The connection between IB and robustness is that IB explicitly encourages representations to discard nuisance variability while retaining task‑relevant information, which naturally mitigates sensitivity to distribution shifts. In the instruction‑tuning context, this is particularly desirable because multimodal inputs often contain spurious or modality‑specific noise (e.g., background clutter, token irregularities). Our theoretical analysis using the effective mutual information difference (EMID) further formalizes this intuition by showing that stronger compression yields a tighter bound on the train–test performance gap.
We would also like to note that we already discussed IB’s effectiveness beyond MLLMs in Related Work (L104–L117), citing applications in CNNs and other architectures where IB improves robustness under corruptions and domain shifts.
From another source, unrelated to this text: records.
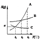 (6分)如圖是一些物質的溶解度曲線。![]()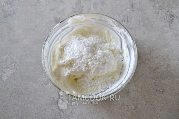 Добавьте кокосовую стружку в творожную массу и перемешайте.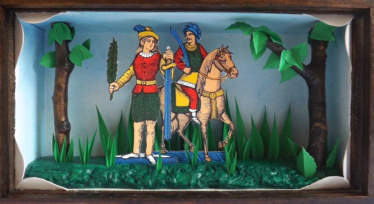 Le carte da gioco, invece, francesi napoletane marchigiane che siano, diventano storie d’amore, di cappa e spada, in cui s’intrecciano sguardi su un palcoscenico minuscolo, in un frame che congela un momento ma che accende l’immaginazione in chi guarda. Cosa si stiano dicendo un cavaliere e la sua bella, quale avventura egli racconti, di ritorno da una guerra o da un semplice torneo, in quale luogo si siano dati appuntamento per il prossimo incontro, non potremo mai saperlo. Simona mette in piedi un teatrino, il resto deve farlo lo spettatore, se si lascia catturare dal fascino discreto di quei mondi in miniatura.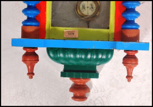 An early 20th century up-cycled wall clock in the manner of Gustav and Becker, the mahogany case being painted in a variety of bright colours. Measures 78cm tall.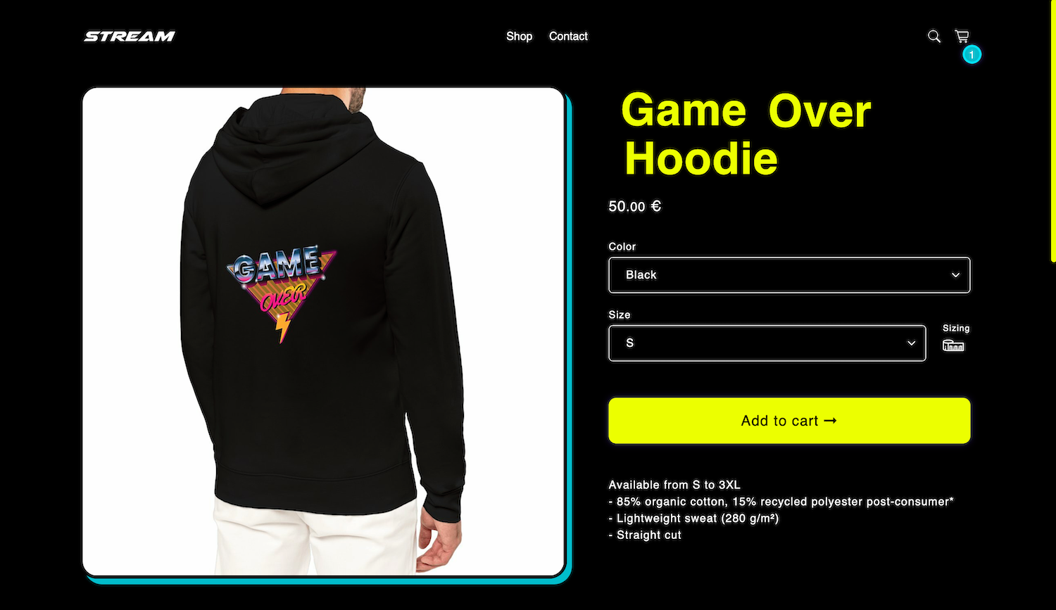 La fiche produit de STREAM mise sur un contraste fort et une présentation visuelle dynamique. Le visuel est parfaitement mis en avant à gauche, tandis que le panneau de droite présente les options d’achat avec une grande lisibilité.

Other explicit examples of IB to enhance robustness under distribution shifts include DIB [Dubois et al. 2020] and IIB [Li et al. 2022]. Our contribution is to bring this principle to autoregressive multimodal instruction tuning, where robustness under distribution shift has been largely unexplored, and to provide both theoretical justification and large‑scale empirical validation.
For this rebuttal, we further conducted an experiment on a ViT-Base ImageNet fine-tuning setup for image classification task with the same configuration adopted in Wortsman et al. 2022 (i.e. fine-tuning of a CLIP pre-trained ViT over 10 epochs on ImageNet).
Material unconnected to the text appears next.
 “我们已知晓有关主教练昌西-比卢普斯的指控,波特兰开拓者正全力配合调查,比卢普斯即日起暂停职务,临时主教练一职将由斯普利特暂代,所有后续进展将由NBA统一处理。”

| Fine-tune Loss | ImageNet (Clean) | ImageNet-C (Nine perturb. Avg) |
|---|---|---|
| Cross-Entropy | 81.14 | 54.31 |
| w/ Bottleneck | 81.52 | 56.19 |
We observe that information bottleneck is still beneficial to improve robustness on this unimodal image classification setup with a pure vision model.
W3: Vittle introduces 20% extra training time and 1.5% extra parameters compared to baseline. Concerning that in many benchmarks Vittle brings very limited performance gain, is it possible that the difference simply comes from the increase of the training time and parameters? I think it is necessary for the authors to clarify this problem.
We thank the reviewer for raising this important point. We agree that it's important to understand this more clearly.
First, the added parameter count is only 1.5%, localized to the bottleneck module, which is negligible compared to the 7B–13B LLM backbone; prior work shows such a small increase has no measurable effect on capacity. Second, we controlled for training time by conducting longer‑epoch baselines: extending baseline training by the same 20% brings no comparable robustness improvements to Vittle's improvements. Finally, our method preserves in‑distribution accuracy, unlike other regularization approaches with similar or higher cost (e.g., weight decay, information‑maximization baselines; Table 3 & Fig. 6).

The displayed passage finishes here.